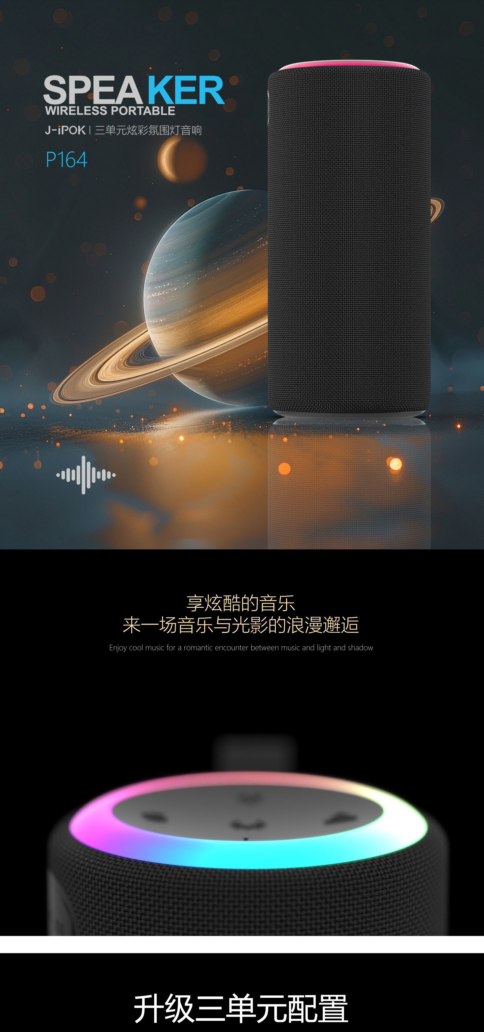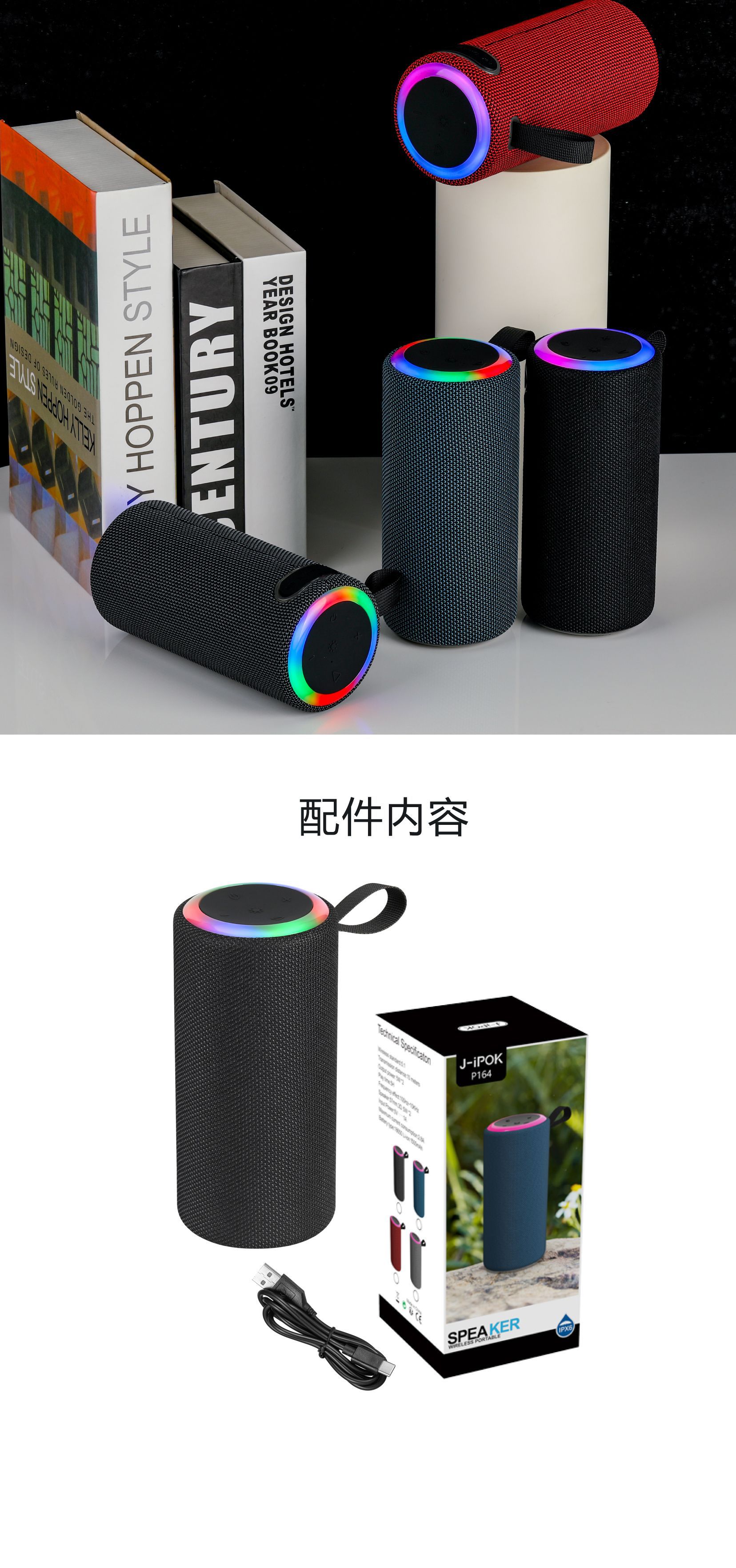 J-ipok P164 跨境带灯蓝牙音箱便携式迷你户外双喇叭无线蓝牙音响
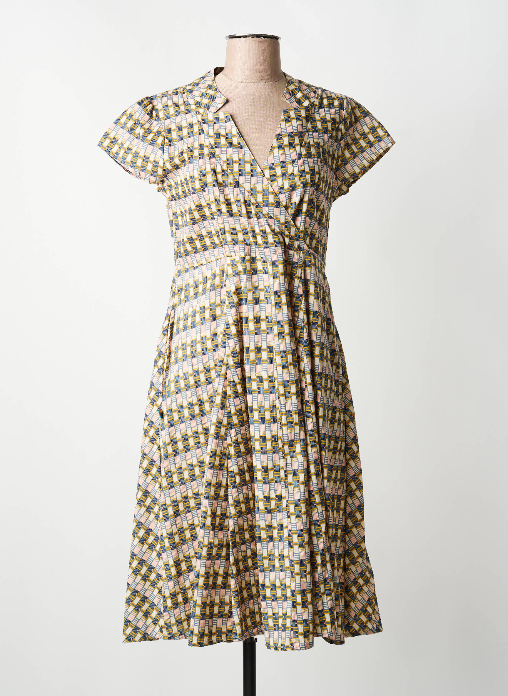 Rochie Midi Kali Yog Bej Mâneci Scurte
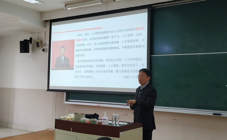 為深入學習宣傳貫徹習近平新時代中國特色社會主義思想和黨的二十大精神,全面推進新一輪本科教育教學審核評估工作,4月4日下午,化工學院在八教107室開展全體教職工理論學習,邀請法學院秦濤副教授和我院吳艷陽教授分別作了關于黨的二十大精神、本科教育教學的專題報告。會議由學院黨委書記朱學棟主持。
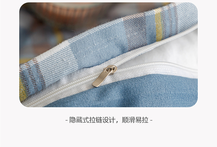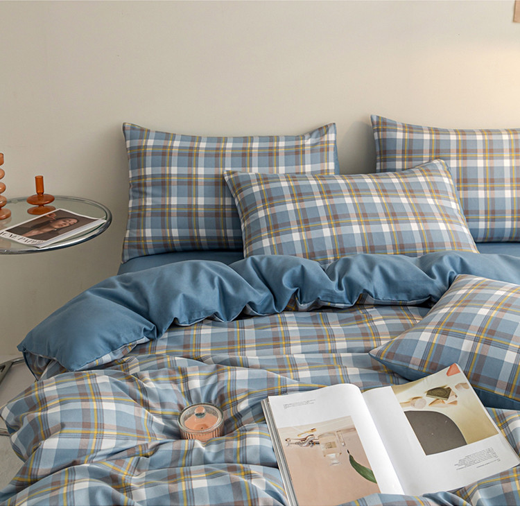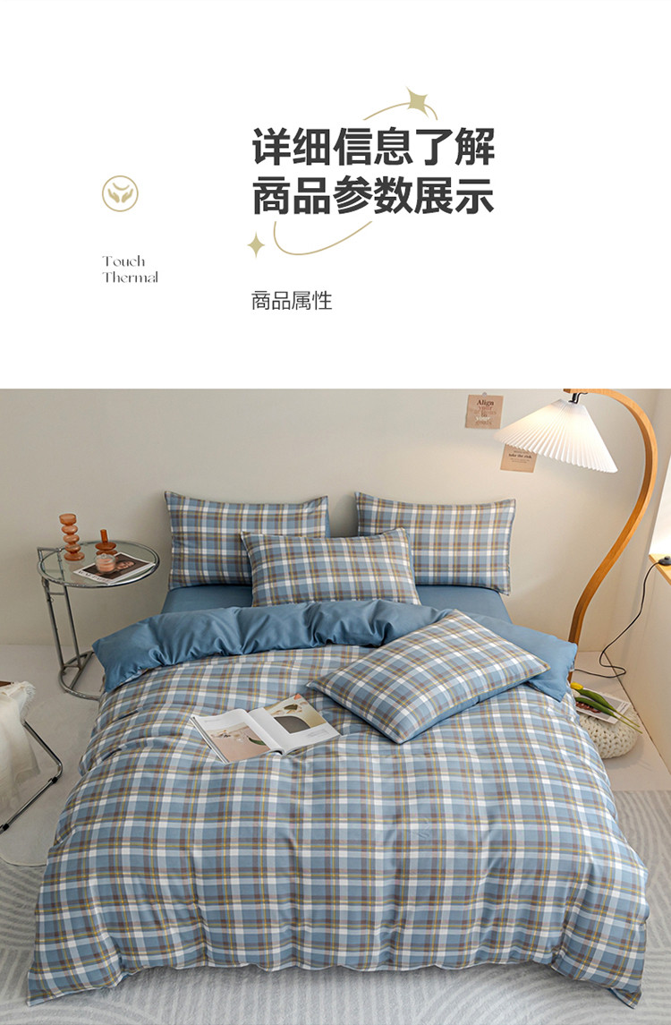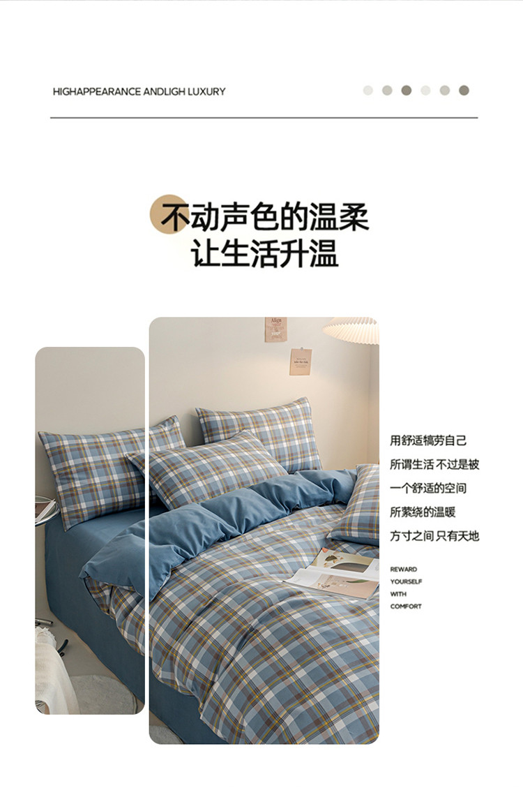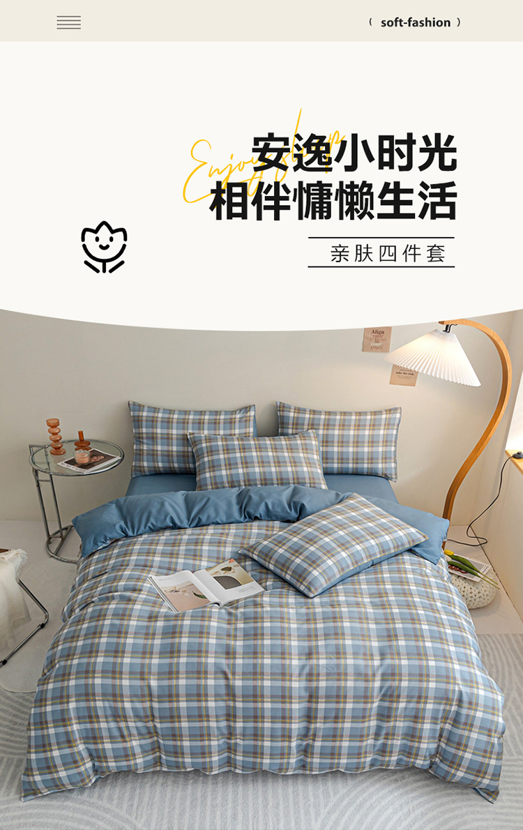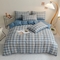 商品名称:米瑞娜 2024新款无印风四件套格子条纹水洗棉四件套 简兮-蓝
====
> **What the exercise asks**: A verbatim copy of the data, pictures removed, is the expected result.

> **Result of this task**:
 J-ipok P164 跨境带灯蓝牙音箱便携式迷你户外双喇叭无线蓝牙音响
 Rochie Midi Kali Yog Bej Mâneci Scurte
 為深入學習宣傳貫徹習近平新時代中國特色社會主義思想和黨的二十大精神,全面推進新一輪本科教育教學審核評估工作,4月4日下午,化工學院在八教107室開展全體教職工理論學習,邀請法學院秦濤副教授和我院吳艷陽教授分別作了關于黨的二十大精神、本科教育教學的專題報告。會議由學院黨委書記朱學棟主持。
 商品名称:米瑞娜 2024新款无印风四件套格子条纹水洗棉四件套 简兮-蓝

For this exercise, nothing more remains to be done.